Cuesta Abajo
Privatizar, ¿para qué?/I-III
Guillermo García Oropeza
Parafraseando a Marx diríamos que “un fantasma recorre México, el fantasma de la privatización”. La privatización que hoy nos preocupa con enorme temor es la de la educación pública que se convertiría en botín y negocio de incontables intereses.
Existe un sector de la opinión pública que está seguro de que esos múltiples intereses no cejarán hasta que el Estado abandone total o parcialmente el proyecto de la educación pública, que se encarna en el fundamental artículo tercero constitucional, y que la eterna y múltiple derecha mexicana sueña —en una utopía— en que la educación sea, al mismo tiempo, un vasto negocio y el vehículo ideológico para imponer las tesis neoliberales, así como la educación religiosa, que sería reaccionariamente católica.
Un poco de historia para recordar la vida de la idea e ideal de la educación pública. Pienso que esa idea surge como un producto inevitable de la Revolución Francesa: me acuerdo haber visto en París una escultura de Marat como padre de L´école publique.
Para la Revolución Francesa, que acababa de cortar literalmente la cabeza de la monarquía y de golpear la autoridad de la Iglesia aliada de la monarquía, era necesario imponer la educación pública para arrebatar a la Iglesia, simbolizada por los jesuitas, la educación.
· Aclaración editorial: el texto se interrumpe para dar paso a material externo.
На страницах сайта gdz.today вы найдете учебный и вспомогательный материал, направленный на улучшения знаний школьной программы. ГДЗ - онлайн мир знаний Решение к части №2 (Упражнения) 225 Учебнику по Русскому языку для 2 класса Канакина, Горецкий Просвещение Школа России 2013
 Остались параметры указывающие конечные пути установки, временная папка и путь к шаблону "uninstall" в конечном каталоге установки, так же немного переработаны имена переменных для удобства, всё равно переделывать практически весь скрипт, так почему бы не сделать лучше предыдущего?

Ya sea ésta al nivel de la escuela elemental y alfabetizadora como de los niveles superiores que culminan en les grandes ecoles francesas como, normales, politécnicas, universidades públicas.
Un sistema que ha llegado hasta nuestros días y donde tantos ilustres mexicanos fueron becarios notables cuando para triunfar en México había que ser egresado de las universidades privadas y consagrado en las grandes universidades gringas como Yale, Chicago, Harvard, en donde adquirieron prestigio tantos de nuestros notables de la nueva clase de los científicos de siniestra memoria porfiriana.
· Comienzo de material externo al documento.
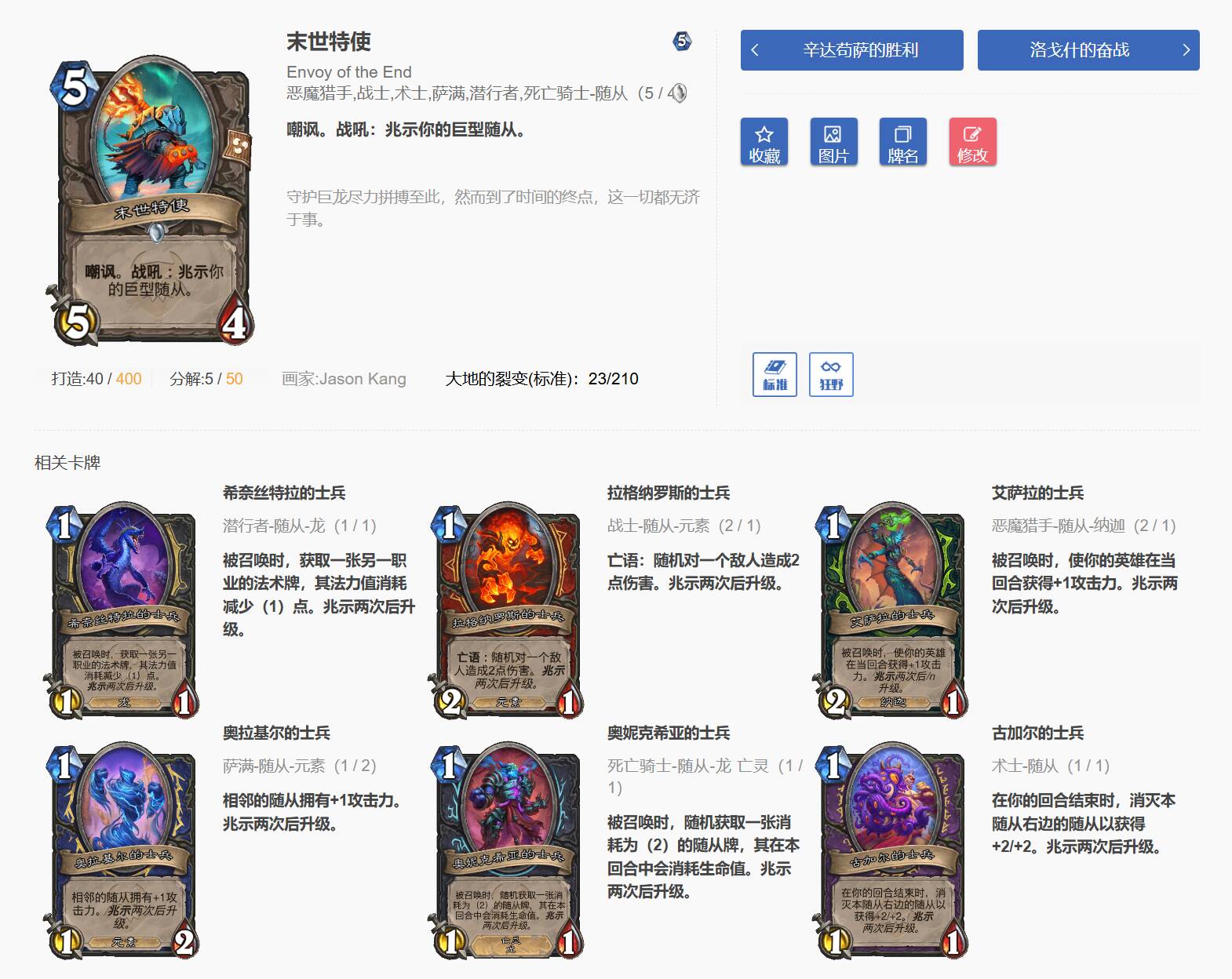 其中末世特使奥卓克希昂灭世者死亡之翼是兆示多职业卡牌(贼、战、瞎、萨、DK、术),并不在中立系列。

Su humilde servidor estudió posgrados en Estados Unidos y en mi entrañable Holanda y, antiguo como soy, sigo prefiriendo Europa a Estados Unidos, sin desconocer el inmenso poder de ese sistema universitario norteamericano que por tantos años vive en intima cohabitación con las grandes empresas. Universidades increíblemente ricas, las estadounidenses, cuya opulencia yo simbolizo en las torres neogóticas de Yale o en los soberbios edificios de Harvard o el Tecnológico de Masachusets. Ésa es una gran educación privada.
Y con lagrimas en los ojos pienso en nuestras lamentables universidades privadas, con algunas dignas excepciones, universidades de una arrogante mediocridad que, diría mi maestro Miguel Ángel Marín, elocuente habitante de la colonia Guerrero de la ciudad de México, sólo sirven “pa llevarle el pulque a las universidades gringas”.
Mi maestro Marín había sido, claro, buen alumno de don Pablo González Casanova en la UNAM y luego sociólogo de la Sorbona, donde se infectó de dos querencias, la cultura francesa y el marxismo, pero perdón por caer en un bache de la memoria. Para la otra le seguimos en serio.